Second, appellants argue that even if the breathalyzer test result accurately reflects current blood or breath alcohol concentrations, that result may have little bearing on the alcohol concentrations existing at the time of driving. State regulations require that the subject be observed for a fifteen-minute period prior to administration of the breathalyzer, test, 7 AAC 30.020(2),
and as a practical matter, the test is generally administered thirty to sixty minutes after the subject was driving. Appellants point to variations in drinking patterns and in alcohol absorption and clearance rates, and contend that the results of a breathalyzer test administered at some point after the subject was driving may not reflect what the subject’s blood or breath alcohol concentration in fact was at the time of driving.

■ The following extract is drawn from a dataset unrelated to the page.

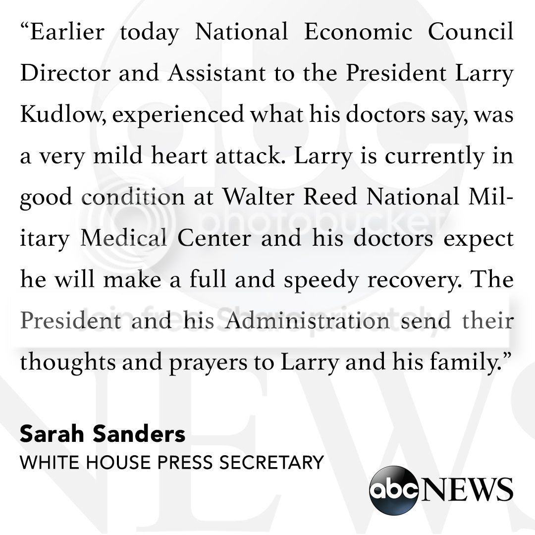 Larry Kudlow, National Economic Council director, hospitalized after suffering heart attack, Trump says

Third, appellants argue that the breathalyzer may inaccurately convert breath alcohol concentrations into blood alcohol concentrations.
Expert testimony established that the ratio applied in translating breath alcohol concentrations into blood alcohol concentrations served to yield an inaccurately high result in fourteen percent of the cases.
We do not dispute the appellants’ contentions in regard to these possible sources of breathalyzer test inaccuracy. We do, however, dispute their significance. Despite the shortcomings catalogued above, the evi-dentiary record supports the conclusion that the breathalyzer is fundamentally accurate in the vast majority of cases.
Furthermore, we do not believe that the use of breathalyzer test results as evidence serves to frustrate defendants’ due process right to cross-examine the evidence against them. As the Alaska Supreme Court observed in
Keel v. State,
609 P.2d at 557, even though breathalyzer test results may be admitted into evidence, that does not mean that those results are unassailable.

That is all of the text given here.